Top of Collected data
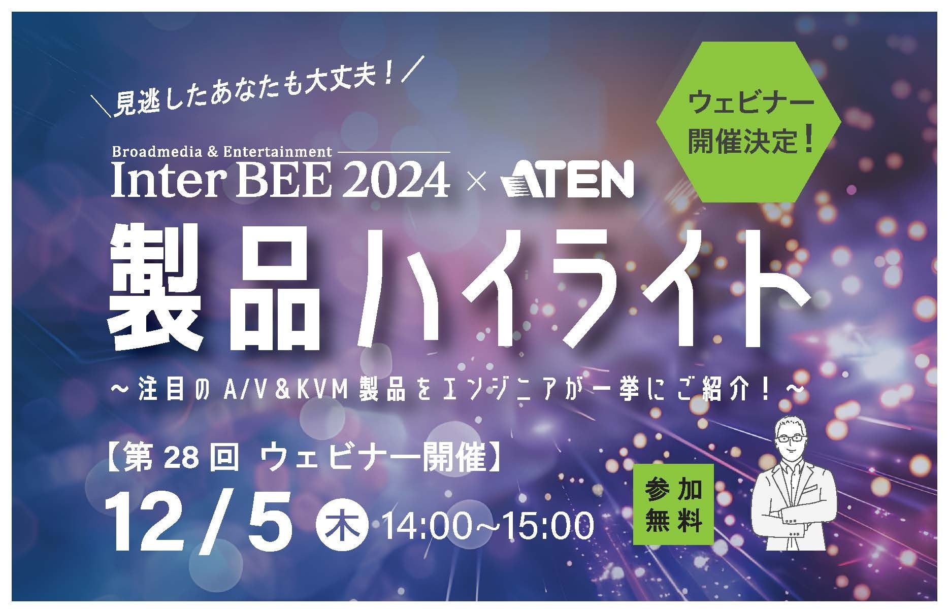 ATENジャパン株式会社 取締役社長:鄧 鴻群 (Hans Teng)は、12月5日(木)に「InterBEE 2024 ATEN製品ハイライト~注目のA/V&KVM製品をエンジニアが一挙にご紹介!~」というテーマで無料のウェビナーを開催いたします。
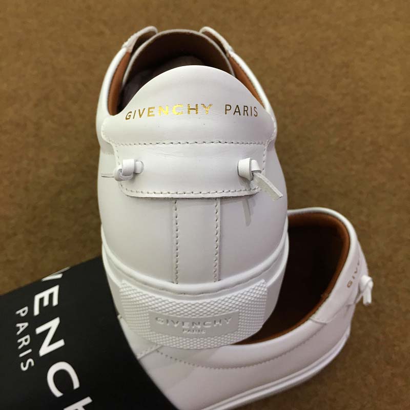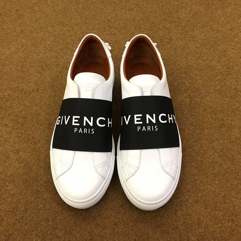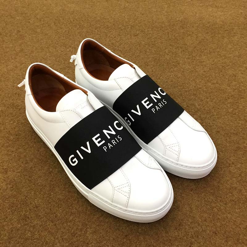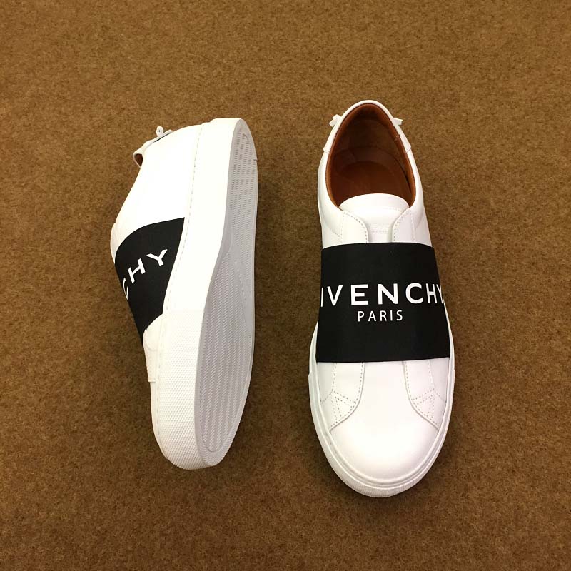 - Matte white leather sneakers overlaid with a wide black GIVENCHY PARIS elastic band.
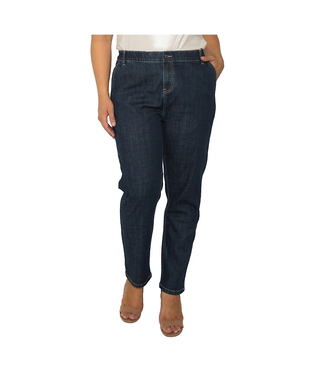 Standards & Practices Women's Elastic Waist High Rise Slim Straight Denim Jeans
Bottom of Collected data
Without the pictures, repeat the listing exactly as it reads.

### [Output]
 ATENジャパン株式会社 取締役社長:鄧 鴻群 (Hans Teng)は、12月5日(木)に「InterBEE 2024 ATEN製品ハイライト~注目のA/V&KVM製品をエンジニアが一挙にご紹介!~」というテーマで無料のウェビナーを開催いたします。
 - Matte white leather sneakers overlaid with a wide black GIVENCHY PARIS elastic band.
 Standards & Practices Women's Elastic Waist High Rise Slim Straight Denim Jeans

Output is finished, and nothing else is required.